_INSTRUCTIONS FOR THE TASK_
Using the data that follows, output only the lines from the line with "- laasar, M.;" up to and including the line with "Ich würde ihn", exactly, leaving pictures aside.
--- EXCERPTED RECORDS Enclosed Below ---
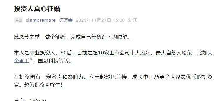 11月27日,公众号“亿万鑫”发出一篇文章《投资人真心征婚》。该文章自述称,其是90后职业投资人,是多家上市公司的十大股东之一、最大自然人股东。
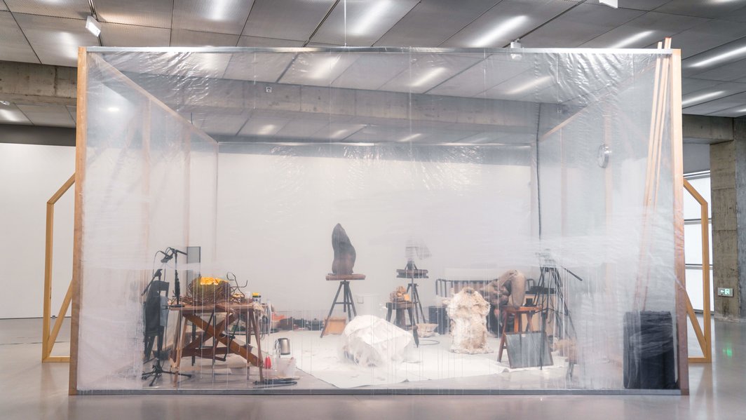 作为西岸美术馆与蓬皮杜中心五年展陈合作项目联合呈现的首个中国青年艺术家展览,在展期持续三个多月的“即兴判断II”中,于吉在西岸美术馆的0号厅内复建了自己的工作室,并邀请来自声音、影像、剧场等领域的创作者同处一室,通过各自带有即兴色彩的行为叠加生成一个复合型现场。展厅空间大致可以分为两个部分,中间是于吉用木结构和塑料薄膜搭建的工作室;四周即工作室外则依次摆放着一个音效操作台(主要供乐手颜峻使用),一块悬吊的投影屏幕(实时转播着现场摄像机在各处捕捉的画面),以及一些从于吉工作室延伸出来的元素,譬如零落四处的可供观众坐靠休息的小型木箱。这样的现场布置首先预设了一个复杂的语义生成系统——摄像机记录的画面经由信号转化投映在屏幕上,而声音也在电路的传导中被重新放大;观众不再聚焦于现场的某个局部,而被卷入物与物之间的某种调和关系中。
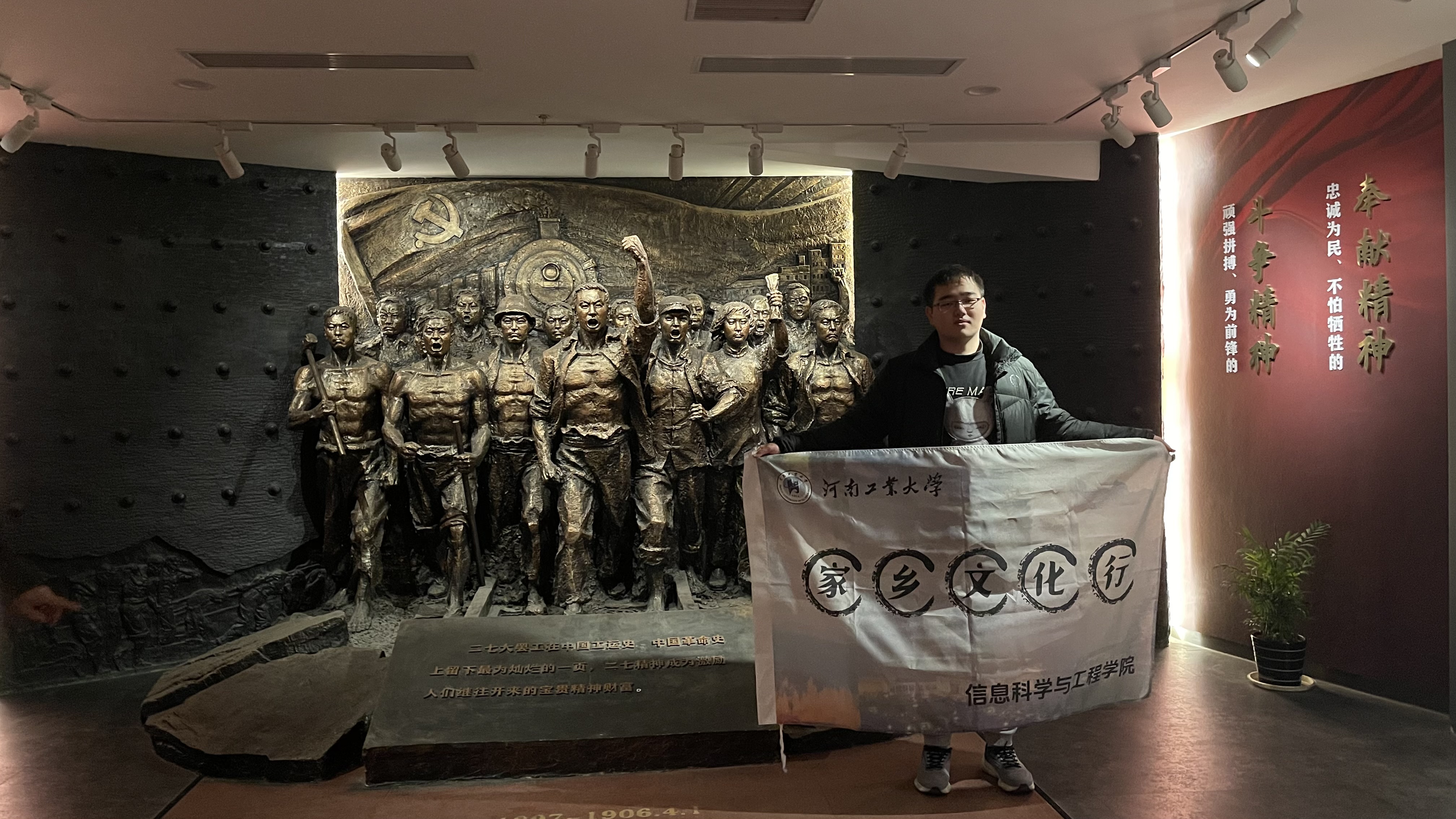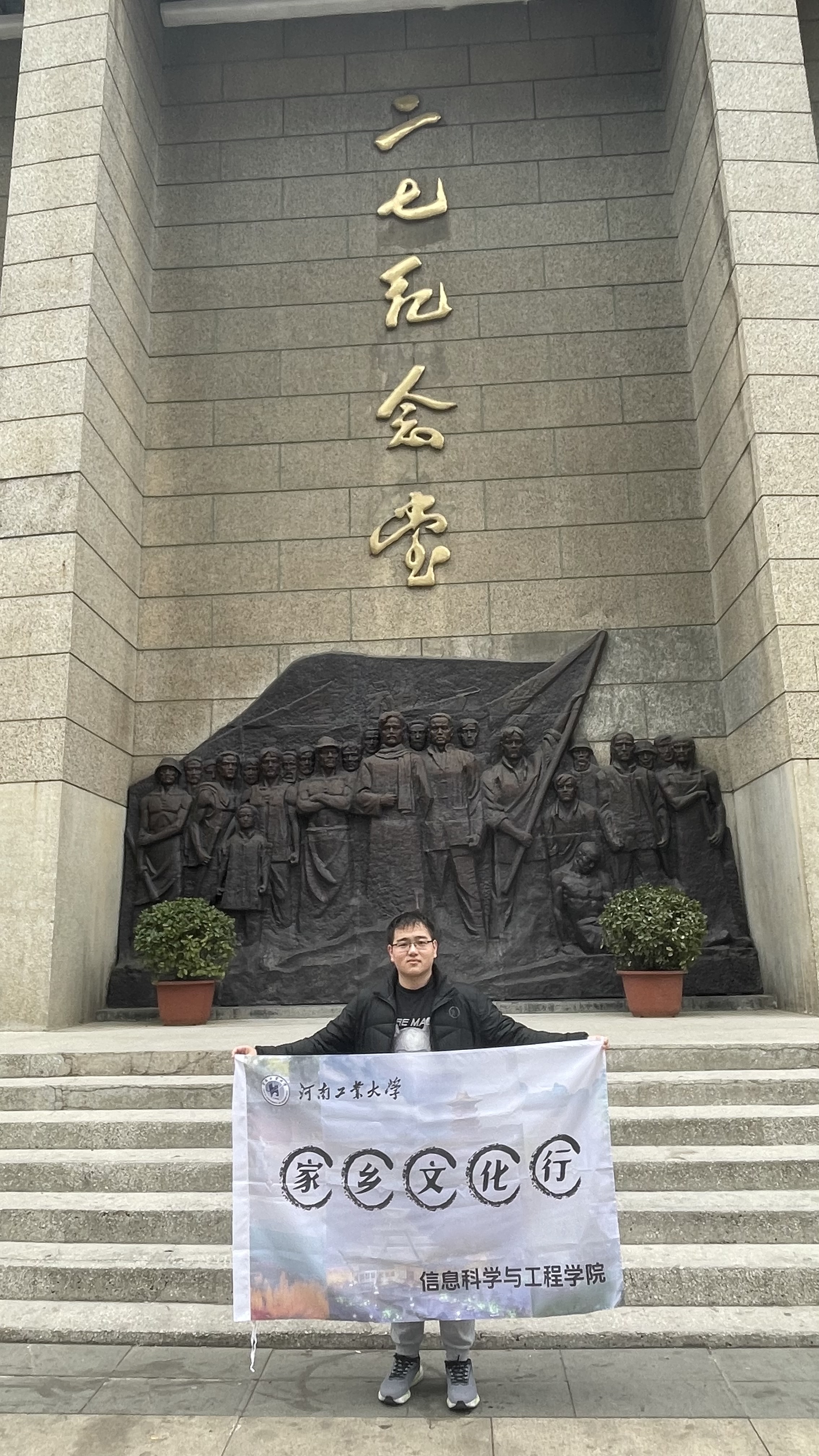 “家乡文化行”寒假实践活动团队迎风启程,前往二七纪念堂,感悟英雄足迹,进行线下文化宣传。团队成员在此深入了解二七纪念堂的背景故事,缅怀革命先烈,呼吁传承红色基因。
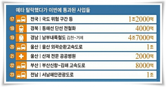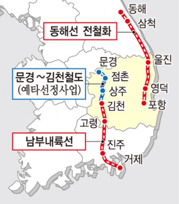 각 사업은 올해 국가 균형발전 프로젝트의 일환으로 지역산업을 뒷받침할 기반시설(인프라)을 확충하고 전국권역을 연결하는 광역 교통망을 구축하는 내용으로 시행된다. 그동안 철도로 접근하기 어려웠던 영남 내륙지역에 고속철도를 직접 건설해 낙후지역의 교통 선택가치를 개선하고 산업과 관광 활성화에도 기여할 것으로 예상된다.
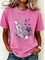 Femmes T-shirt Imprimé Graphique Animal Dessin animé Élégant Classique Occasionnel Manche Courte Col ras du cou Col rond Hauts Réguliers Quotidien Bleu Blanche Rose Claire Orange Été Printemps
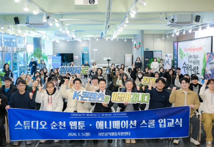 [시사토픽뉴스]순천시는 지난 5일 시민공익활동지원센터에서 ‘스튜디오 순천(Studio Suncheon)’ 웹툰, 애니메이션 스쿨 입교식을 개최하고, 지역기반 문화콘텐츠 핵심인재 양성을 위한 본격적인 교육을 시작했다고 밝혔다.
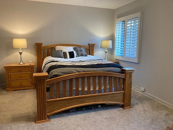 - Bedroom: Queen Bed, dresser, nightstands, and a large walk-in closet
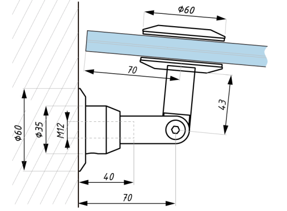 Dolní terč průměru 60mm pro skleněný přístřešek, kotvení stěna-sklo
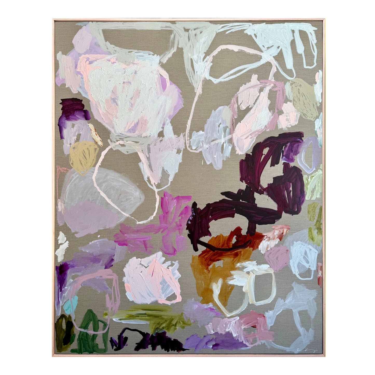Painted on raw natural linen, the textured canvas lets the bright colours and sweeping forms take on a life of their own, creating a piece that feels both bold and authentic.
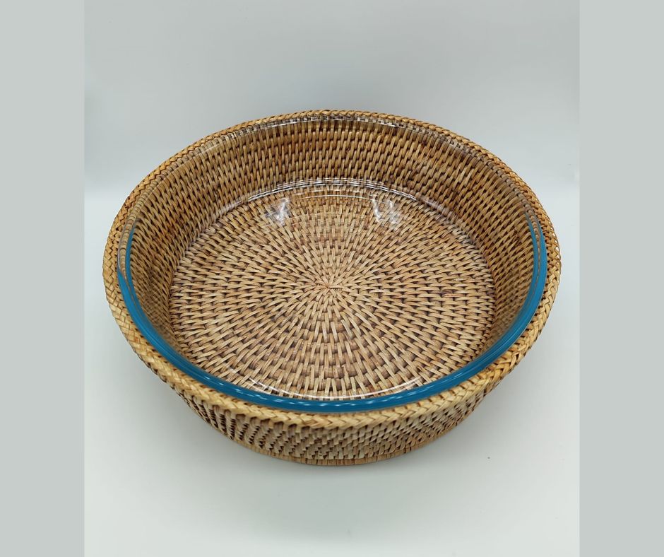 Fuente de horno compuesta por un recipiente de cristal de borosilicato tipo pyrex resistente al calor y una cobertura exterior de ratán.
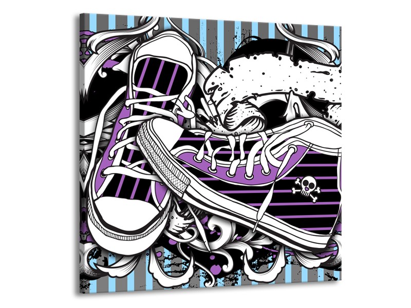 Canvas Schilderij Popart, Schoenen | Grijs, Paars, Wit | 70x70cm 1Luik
--- End of Enclosed EXCERPTED RECORDS ---
--- EXCERPTED RECORDS Enclosed Below ---
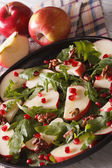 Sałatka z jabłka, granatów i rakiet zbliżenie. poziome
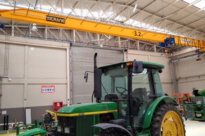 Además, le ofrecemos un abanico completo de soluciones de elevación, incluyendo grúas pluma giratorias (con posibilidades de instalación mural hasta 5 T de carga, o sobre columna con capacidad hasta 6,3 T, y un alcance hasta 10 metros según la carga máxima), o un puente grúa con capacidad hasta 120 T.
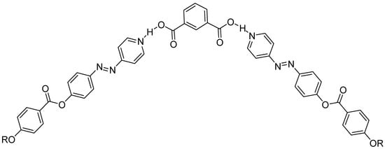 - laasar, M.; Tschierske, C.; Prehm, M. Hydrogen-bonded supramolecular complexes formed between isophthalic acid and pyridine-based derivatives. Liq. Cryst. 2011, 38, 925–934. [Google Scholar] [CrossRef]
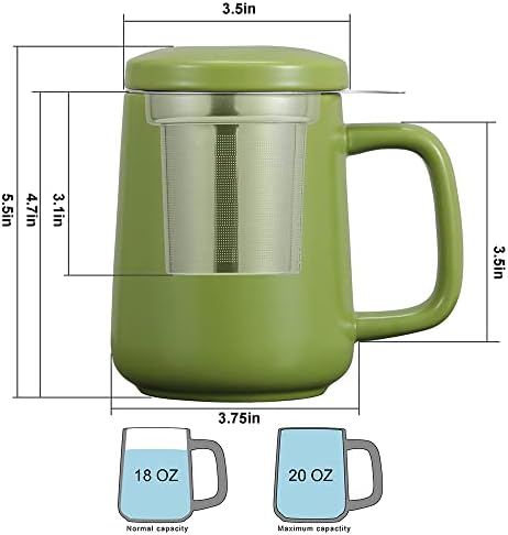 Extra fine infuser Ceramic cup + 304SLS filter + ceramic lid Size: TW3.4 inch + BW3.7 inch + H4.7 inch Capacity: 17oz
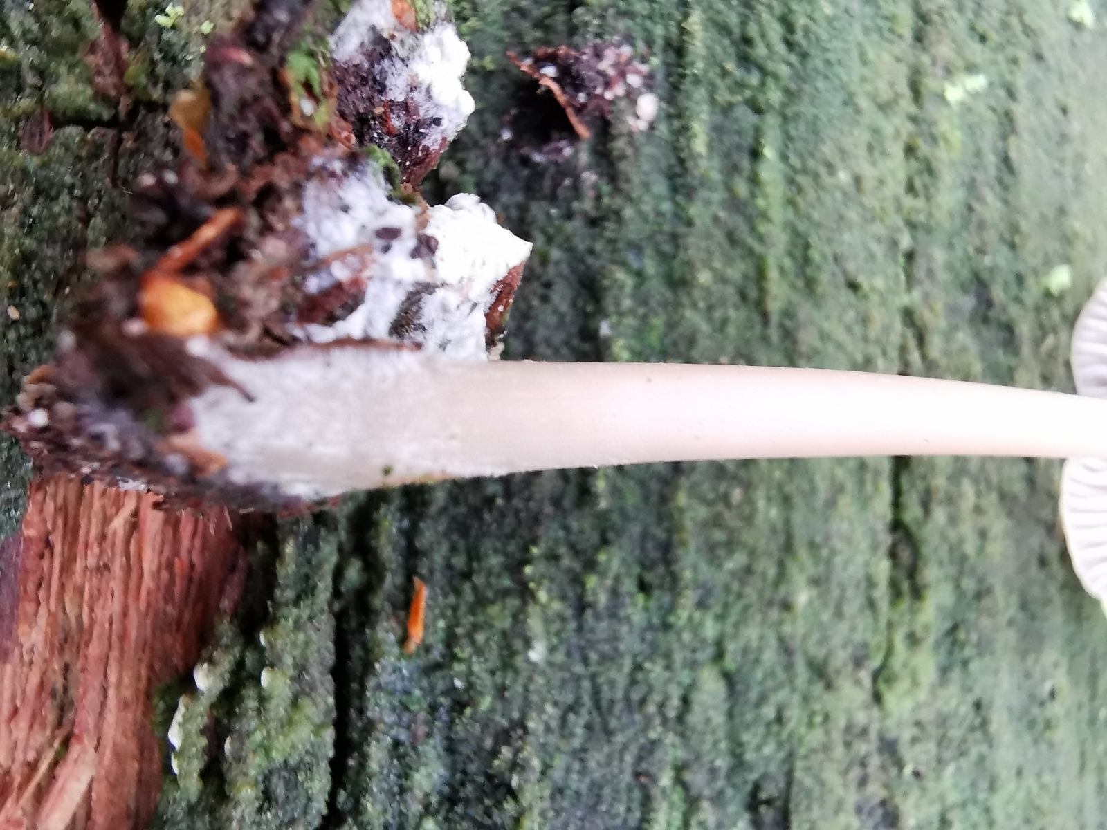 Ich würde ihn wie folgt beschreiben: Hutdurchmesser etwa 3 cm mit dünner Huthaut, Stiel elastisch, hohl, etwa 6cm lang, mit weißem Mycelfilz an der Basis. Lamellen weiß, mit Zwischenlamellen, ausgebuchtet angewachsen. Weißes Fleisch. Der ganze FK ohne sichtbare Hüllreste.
--- End of Enclosed EXCERPTED RECORDS ---
--- EXCERPTED RECORDS Enclosed Below ---
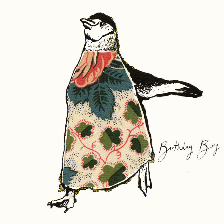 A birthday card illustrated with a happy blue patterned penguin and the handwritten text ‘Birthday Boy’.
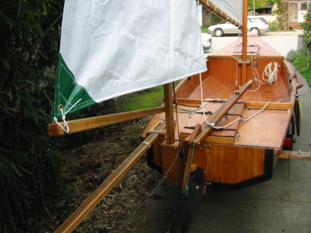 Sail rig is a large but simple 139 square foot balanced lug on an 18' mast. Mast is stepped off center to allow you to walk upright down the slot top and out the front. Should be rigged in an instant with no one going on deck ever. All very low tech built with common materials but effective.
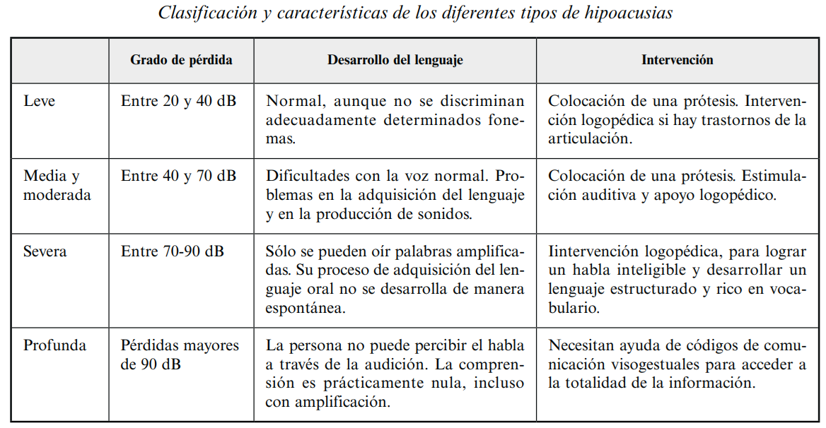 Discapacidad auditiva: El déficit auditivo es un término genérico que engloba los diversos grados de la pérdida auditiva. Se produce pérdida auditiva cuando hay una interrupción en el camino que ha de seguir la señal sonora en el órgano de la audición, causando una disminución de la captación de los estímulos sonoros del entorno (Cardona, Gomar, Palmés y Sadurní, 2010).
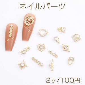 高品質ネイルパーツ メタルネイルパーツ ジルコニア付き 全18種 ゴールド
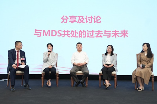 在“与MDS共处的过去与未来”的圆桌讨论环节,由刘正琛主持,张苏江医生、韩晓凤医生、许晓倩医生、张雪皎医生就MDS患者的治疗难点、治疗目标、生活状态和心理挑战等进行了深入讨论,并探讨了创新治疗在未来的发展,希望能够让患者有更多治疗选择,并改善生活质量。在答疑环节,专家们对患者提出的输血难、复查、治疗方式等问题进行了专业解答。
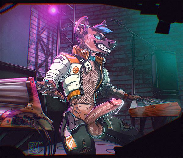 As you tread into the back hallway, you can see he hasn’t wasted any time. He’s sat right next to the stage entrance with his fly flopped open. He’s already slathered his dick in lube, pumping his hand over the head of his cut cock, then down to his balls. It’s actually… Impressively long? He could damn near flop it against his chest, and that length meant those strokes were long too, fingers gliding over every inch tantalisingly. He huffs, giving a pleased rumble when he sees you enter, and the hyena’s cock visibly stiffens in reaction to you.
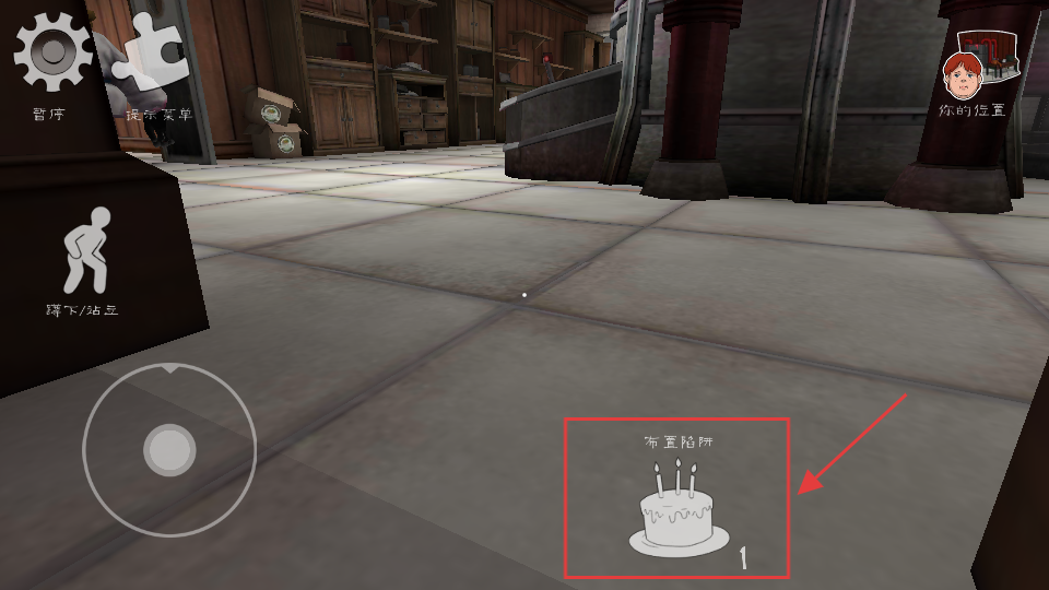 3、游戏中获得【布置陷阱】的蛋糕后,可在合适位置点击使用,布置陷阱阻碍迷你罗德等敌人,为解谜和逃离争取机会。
--- End of Enclosed EXCERPTED RECORDS ---
_RESPONSE BELOW_
 - laasar, M.; Tschierske, C.; Prehm, M. Hydrogen-bonded supramolecular complexes formed between isophthalic acid and pyridine-based derivatives. Liq. Cryst. 2011, 38, 925–934. [Google Scholar] [CrossRef]
 Extra fine infuser Ceramic cup + 304SLS filter + ceramic lid Size: TW3.4 inch + BW3.7 inch + H4.7 inch Capacity: 17oz
 Ich würde ihn wie folgt beschreiben: Hutdurchmesser etwa 3 cm mit dünner Huthaut, Stiel elastisch, hohl, etwa 6cm lang, mit weißem Mycelfilz an der Basis. Lamellen weiß, mit Zwischenlamellen, ausgebuchtet angewachsen. Weißes Fleisch. Der ganze FK ohne sichtbare Hüllreste.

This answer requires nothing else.